» What to produce: Please produce a character-exact copy of the listing that follows, omitting all images.

» Material provided:

• • • • •

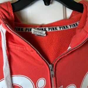 Pink Victoria Secret 1/4 Zip Orange Pullover Sweatshirt Size Medium Emblem
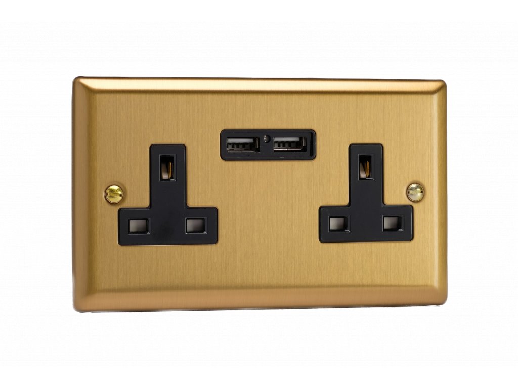 Síová zásuvka MAINS SOCKET - 2-modulový 13A britská zásuvka KLASICKÉ - kartáèovaná mosaz / èerný
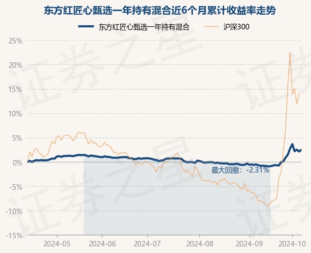 证券之星消息,10月14日,东方红匠心甄选一年持有混合最新单位净值为1.0229元,累计净值为1.1555元,较前一交易日上涨0.34%。历史数据显示该基金近1个月上涨3.41%,近3个月上涨1.77%,近6个月上涨2.47%,近1年上涨3.37%。该基金近6个月的累计收益率走势如下图:

• • • • •

» Written answer:
 Pink Victoria Secret 1/4 Zip Orange Pullover Sweatshirt Size Medium Emblem
 Síová zásuvka MAINS SOCKET - 2-modulový 13A britská zásuvka KLASICKÉ - kartáèovaná mosaz / èerný
 证券之星消息,10月14日,东方红匠心甄选一年持有混合最新单位净值为1.0229元,累计净值为1.1555元,较前一交易日上涨0.34%。历史数据显示该基金近1个月上涨3.41%,近3个月上涨1.77%,近6个月上涨2.47%,近1年上涨3.37%。该基金近6个月的累计收益率走势如下图:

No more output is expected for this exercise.